**To do**
Exact duplicates of the lines from the top of the data through the line containing "Температурный фон в" are needed, with every picture left out.

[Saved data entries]
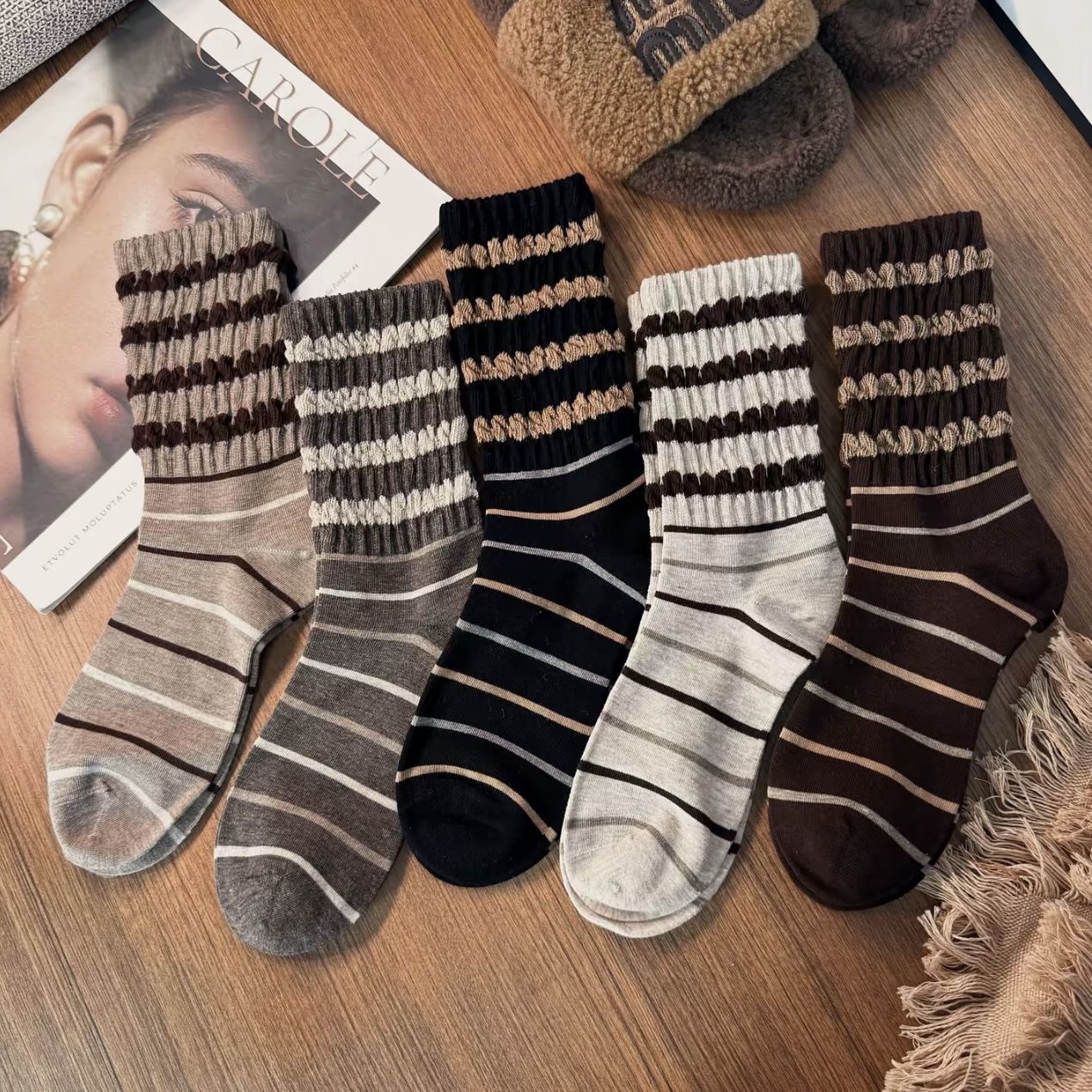袜子女中筒秋冬ins中长款松口袜韩版堆堆学院长筒条纹网红爆款潮
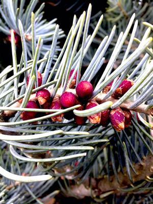 A large, conical evergreen witha a stately appearance, this variety has large, bright silvery-blue needles. Large purplish cones appear on younger braches of older specimens. They grow upwards and disintegrate white still on the plant.
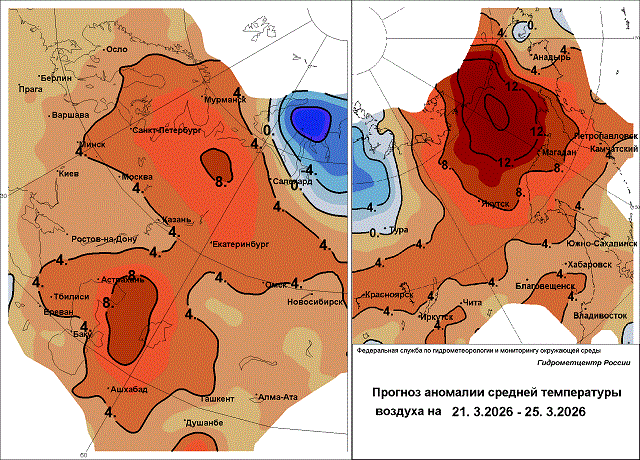 Температурный фон в Северо-Западном округе 21-25 марта будет повышенным, аномалии средней суточной температуры воздуха достигнут +5…+10 градусов.
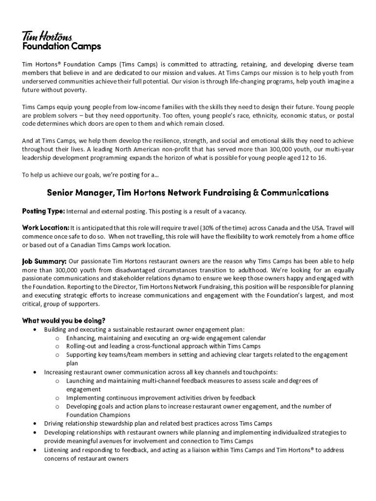 Fill out your tim hortons form strategic online with pdfFiller!
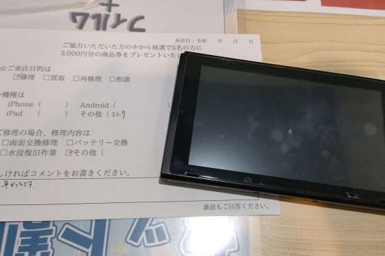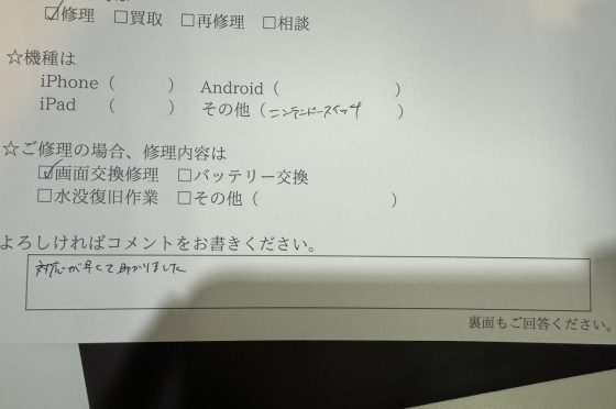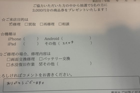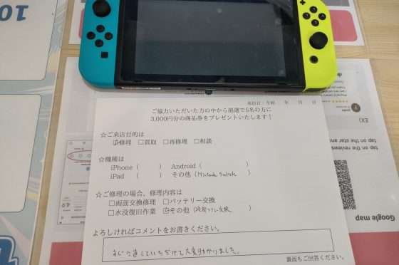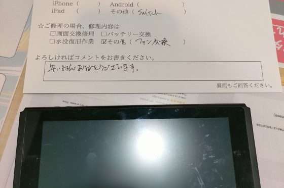 任天堂Switchの修理のお客様からコメントをいただきました。

**Solution for this task**
袜子女中筒秋冬ins中长款松口袜韩版堆堆学院长筒条纹网红爆款潮
 A large, conical evergreen witha a stately appearance, this variety has large, bright silvery-blue needles. Large purplish cones appear on younger braches of older specimens. They grow upwards and disintegrate white still on the plant.
 Температурный фон в Северо-Западном округе 21-25 марта будет повышенным, аномалии средней суточной температуры воздуха достигнут +5…+10 градусов.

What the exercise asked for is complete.